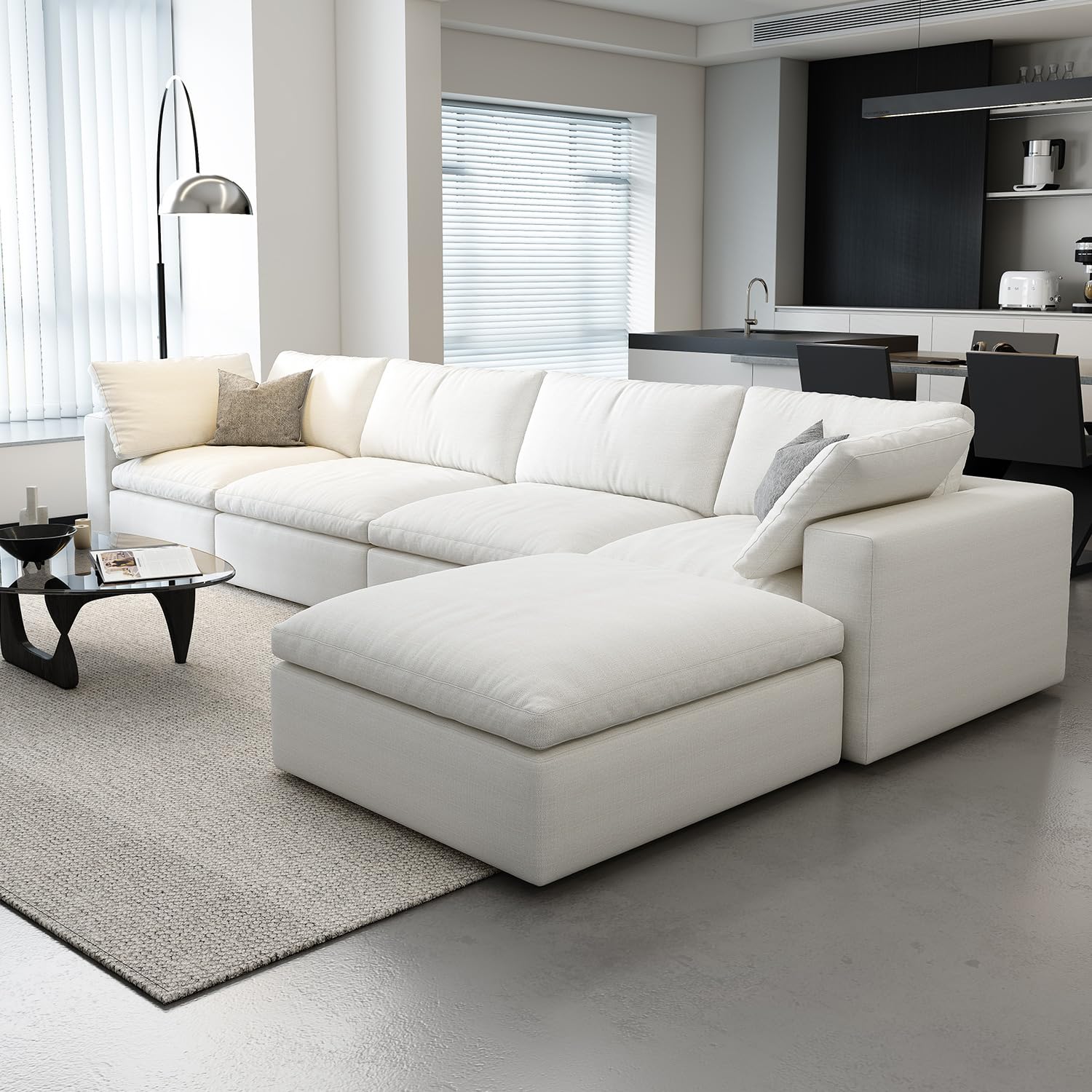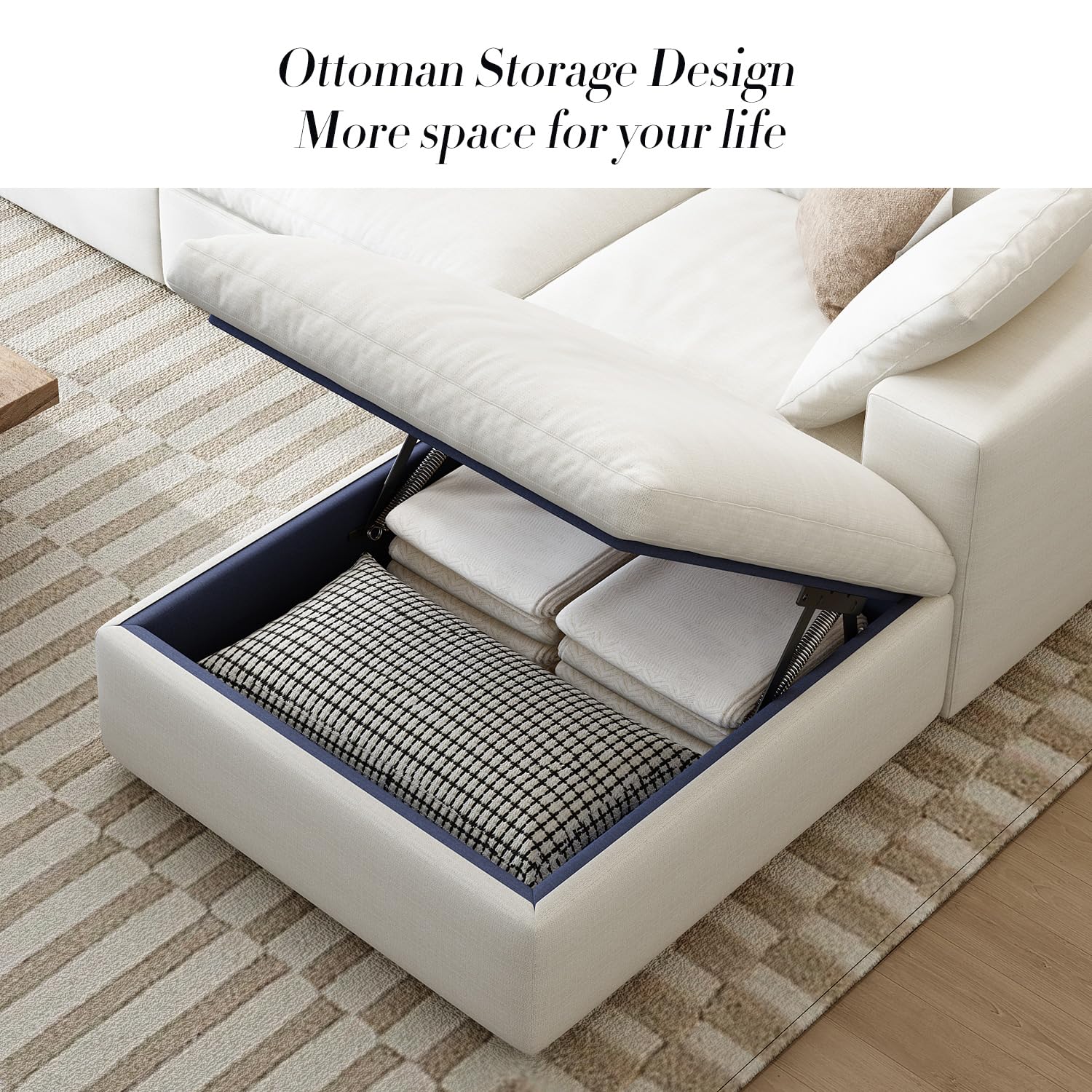 Cloud Modular Sectional Sofa with Storage Ottoman,120" L Shaped Sectional Couches for Living Room,Down Filled Comfort Minimalist Deep Sofa Couches for Office Apartment (White, 3 Seater+1 Ottoman)
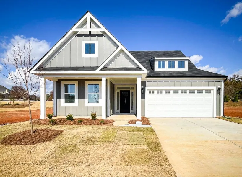 New construction. 4 bedrooms, 3 bathrooms, large open loft, and a rear covered porch. The main level includes a foyer leading to the open living area at the back of the home. The great room features large windows for natural light. The kitchen includes upgraded cabinetry, quartz countertops, tile backsplash, stainless steel appliances, LED disc lighting, and pendant lights over the island. The adjacent dining area provides access to a covered rear porch and an additional patio for outdoor use. The primary bedroom is on the main level and features a bathroom with a tiled walk-in shower, garden tub, dual sinks, and tile flooring. A laundry pass-through connects to the primary suite. Upstairs includes a large loft, fourth bedroom, and third full bathroom. All bathrooms feature quartz countertops. Additional upgrades include enhanced vinyl plank flooring, upgraded lighting, plumbing, and trim packages. Structured wiring and built-in pest control system included. Finished garage is drywalled, painted, and includes electrical outlets and lighting. Community amenities include two pickleball courts.
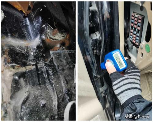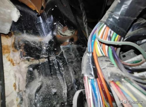 来到内饰,巨星我很自然地扒开地毯,结果却让人十分震惊,小王在一边也不刷手机了,目瞪口呆看着眼前的景象,只见门槛里面的腻子水将大线包裹得严严实实,这要是把大线腐蚀了,后果真不堪设想,而且门槛下边也变形了,这得多大的撞击力度啊。
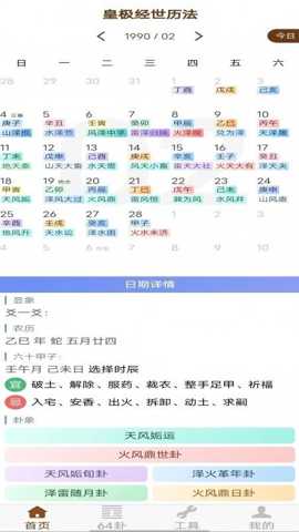 皇极经世历法app是一款深度融合了宋代邵雍皇极经世哲学思想的综合性传统文化工具软件。它超越了简单的日历查询功能,构建了一个以传统历法为基石、以易经卦象推演为核心的智慧系统。软件的核心在于将公历、农历、黄历(择吉历)进行精准对照与整合,并在此基础上,引入每日卦象分析与经典的六十四卦详解,为用户提供一份关于时间的立体化解读。它不仅服务于对传统农历、节气有刚性需求的用户,如农耕者,更面向所有希望在生活中融入传统文化智慧,寻求日程规划参考、个人决策辅助乃至精神层面启迪的现代人群。通过数字化手段,这款app使得皇极经世中以元经会,以会经运的宏大时空观,得以转化为每个人触手可及的日常指引。

## REQUIRED WORK
In your answer, repeat the material above in full, exactly, and without its pictures.

## EXERCISE RESPONSE
 Cloud Modular Sectional Sofa with Storage Ottoman,120" L Shaped Sectional Couches for Living Room,Down Filled Comfort Minimalist Deep Sofa Couches for Office Apartment (White, 3 Seater+1 Ottoman)
 New construction. 4 bedrooms, 3 bathrooms, large open loft, and a rear covered porch. The main level includes a foyer leading to the open living area at the back of the home. The great room features large windows for natural light. The kitchen includes upgraded cabinetry, quartz countertops, tile backsplash, stainless steel appliances, LED disc lighting, and pendant lights over the island. The adjacent dining area provides access to a covered rear porch and an additional patio for outdoor use. The primary bedroom is on the main level and features a bathroom with a tiled walk-in shower, garden tub, dual sinks, and tile flooring. A laundry pass-through connects to the primary suite. Upstairs includes a large loft, fourth bedroom, and third full bathroom. All bathrooms feature quartz countertops. Additional upgrades include enhanced vinyl plank flooring, upgraded lighting, plumbing, and trim packages. Structured wiring and built-in pest control system included. Finished garage is drywalled, painted, and includes electrical outlets and lighting. Community amenities include two pickleball courts.
 来到内饰,巨星我很自然地扒开地毯,结果却让人十分震惊,小王在一边也不刷手机了,目瞪口呆看着眼前的景象,只见门槛里面的腻子水将大线包裹得严严实实,这要是把大线腐蚀了,后果真不堪设想,而且门槛下边也变形了,这得多大的撞击力度啊。
 皇极经世历法app是一款深度融合了宋代邵雍皇极经世哲学思想的综合性传统文化工具软件。它超越了简单的日历查询功能,构建了一个以传统历法为基石、以易经卦象推演为核心的智慧系统。软件的核心在于将公历、农历、黄历(择吉历)进行精准对照与整合,并在此基础上,引入每日卦象分析与经典的六十四卦详解,为用户提供一份关于时间的立体化解读。它不仅服务于对传统农历、节气有刚性需求的用户,如农耕者,更面向所有希望在生活中融入传统文化智慧,寻求日程规划参考、个人决策辅助乃至精神层面启迪的现代人群。通过数字化手段,这款app使得皇极经世中以元经会,以会经运的宏大时空观,得以转化为每个人触手可及的日常指引。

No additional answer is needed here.